• Task details: Apart from the pictures, every part of the records below gets retyped exactly.

• Given entries:
———

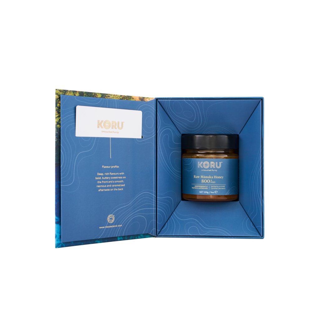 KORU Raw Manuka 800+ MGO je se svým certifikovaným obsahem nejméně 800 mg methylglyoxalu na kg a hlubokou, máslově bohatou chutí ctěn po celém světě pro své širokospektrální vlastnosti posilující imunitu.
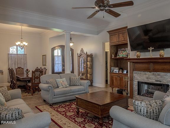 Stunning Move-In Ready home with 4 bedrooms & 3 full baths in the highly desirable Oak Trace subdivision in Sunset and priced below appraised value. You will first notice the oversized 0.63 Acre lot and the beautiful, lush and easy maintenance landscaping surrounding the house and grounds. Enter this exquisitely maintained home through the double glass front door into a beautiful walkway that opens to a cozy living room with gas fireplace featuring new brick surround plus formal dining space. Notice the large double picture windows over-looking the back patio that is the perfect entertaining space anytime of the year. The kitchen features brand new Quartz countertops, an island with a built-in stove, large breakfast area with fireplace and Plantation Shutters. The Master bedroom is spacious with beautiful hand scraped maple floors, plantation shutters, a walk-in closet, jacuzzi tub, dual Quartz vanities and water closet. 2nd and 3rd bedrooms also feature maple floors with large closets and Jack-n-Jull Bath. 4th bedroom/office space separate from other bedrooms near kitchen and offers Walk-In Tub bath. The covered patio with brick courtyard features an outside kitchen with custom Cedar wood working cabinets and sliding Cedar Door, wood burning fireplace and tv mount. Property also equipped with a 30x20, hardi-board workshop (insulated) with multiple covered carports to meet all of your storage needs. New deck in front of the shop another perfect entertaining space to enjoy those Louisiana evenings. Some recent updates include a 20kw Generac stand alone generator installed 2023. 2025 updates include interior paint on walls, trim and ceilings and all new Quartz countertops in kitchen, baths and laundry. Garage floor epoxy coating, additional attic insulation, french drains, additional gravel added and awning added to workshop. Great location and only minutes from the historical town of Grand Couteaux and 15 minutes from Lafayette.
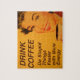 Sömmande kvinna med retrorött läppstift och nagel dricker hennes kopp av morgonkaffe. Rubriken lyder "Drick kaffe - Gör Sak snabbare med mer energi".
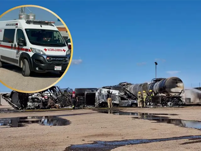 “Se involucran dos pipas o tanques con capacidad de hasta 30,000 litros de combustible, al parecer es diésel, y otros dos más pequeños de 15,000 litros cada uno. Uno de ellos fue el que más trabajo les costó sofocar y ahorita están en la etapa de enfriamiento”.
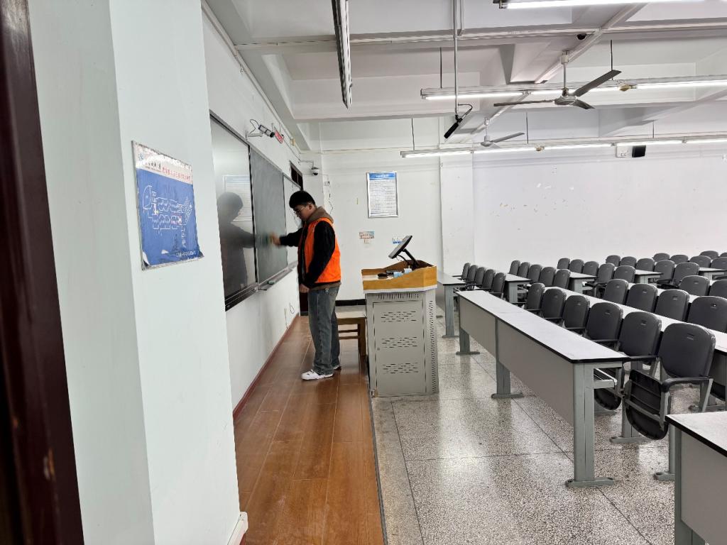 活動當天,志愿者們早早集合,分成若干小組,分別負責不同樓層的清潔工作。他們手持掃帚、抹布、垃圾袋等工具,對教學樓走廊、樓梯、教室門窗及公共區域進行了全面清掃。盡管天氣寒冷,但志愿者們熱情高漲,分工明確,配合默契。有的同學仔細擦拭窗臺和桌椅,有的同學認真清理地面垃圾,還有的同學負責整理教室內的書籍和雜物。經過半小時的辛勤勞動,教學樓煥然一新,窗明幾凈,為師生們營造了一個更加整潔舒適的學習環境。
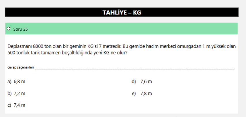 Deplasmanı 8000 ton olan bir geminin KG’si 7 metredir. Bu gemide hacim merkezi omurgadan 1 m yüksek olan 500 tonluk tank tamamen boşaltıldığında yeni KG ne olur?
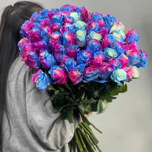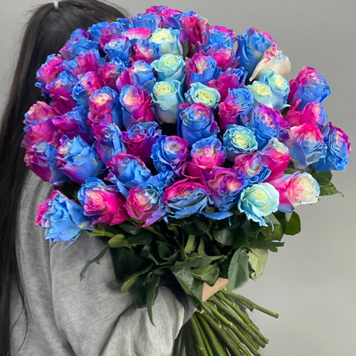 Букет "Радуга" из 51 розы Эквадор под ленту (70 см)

———

• Answer for the task:
 KORU Raw Manuka 800+ MGO je se svým certifikovaným obsahem nejméně 800 mg methylglyoxalu na kg a hlubokou, máslově bohatou chutí ctěn po celém světě pro své širokospektrální vlastnosti posilující imunitu.
 Stunning Move-In Ready home with 4 bedrooms & 3 full baths in the highly desirable Oak Trace subdivision in Sunset and priced below appraised value. You will first notice the oversized 0.63 Acre lot and the beautiful, lush and easy maintenance landscaping surrounding the house and grounds. Enter this exquisitely maintained home through the double glass front door into a beautiful walkway that opens to a cozy living room with gas fireplace featuring new brick surround plus formal dining space. Notice the large double picture windows over-looking the back patio that is the perfect entertaining space anytime of the year. The kitchen features brand new Quartz countertops, an island with a built-in stove, large breakfast area with fireplace and Plantation Shutters. The Master bedroom is spacious with beautiful hand scraped maple floors, plantation shutters, a walk-in closet, jacuzzi tub, dual Quartz vanities and water closet. 2nd and 3rd bedrooms also feature maple floors with large closets and Jack-n-Jull Bath. 4th bedroom/office space separate from other bedrooms near kitchen and offers Walk-In Tub bath. The covered patio with brick courtyard features an outside kitchen with custom Cedar wood working cabinets and sliding Cedar Door, wood burning fireplace and tv mount. Property also equipped with a 30x20, hardi-board workshop (insulated) with multiple covered carports to meet all of your storage needs. New deck in front of the shop another perfect entertaining space to enjoy those Louisiana evenings. Some recent updates include a 20kw Generac stand alone generator installed 2023. 2025 updates include interior paint on walls, trim and ceilings and all new Quartz countertops in kitchen, baths and laundry. Garage floor epoxy coating, additional attic insulation, french drains, additional gravel added and awning added to workshop. Great location and only minutes from the historical town of Grand Couteaux and 15 minutes from Lafayette.
 Sömmande kvinna med retrorött läppstift och nagel dricker hennes kopp av morgonkaffe. Rubriken lyder "Drick kaffe - Gör Sak snabbare med mer energi".
 “Se involucran dos pipas o tanques con capacidad de hasta 30,000 litros de combustible, al parecer es diésel, y otros dos más pequeños de 15,000 litros cada uno. Uno de ellos fue el que más trabajo les costó sofocar y ahorita están en la etapa de enfriamiento”.
 活動當天,志愿者們早早集合,分成若干小組,分別負責不同樓層的清潔工作。他們手持掃帚、抹布、垃圾袋等工具,對教學樓走廊、樓梯、教室門窗及公共區域進行了全面清掃。盡管天氣寒冷,但志愿者們熱情高漲,分工明確,配合默契。有的同學仔細擦拭窗臺和桌椅,有的同學認真清理地面垃圾,還有的同學負責整理教室內的書籍和雜物。經過半小時的辛勤勞動,教學樓煥然一新,窗明幾凈,為師生們營造了一個更加整潔舒適的學習環境。
 Deplasmanı 8000 ton olan bir geminin KG’si 7 metredir. Bu gemide hacim merkezi omurgadan 1 m yüksek olan 500 tonluk tank tamamen boşaltıldığında yeni KG ne olur?
 Букет "Радуга" из 51 розы Эквадор под ленту (70 см)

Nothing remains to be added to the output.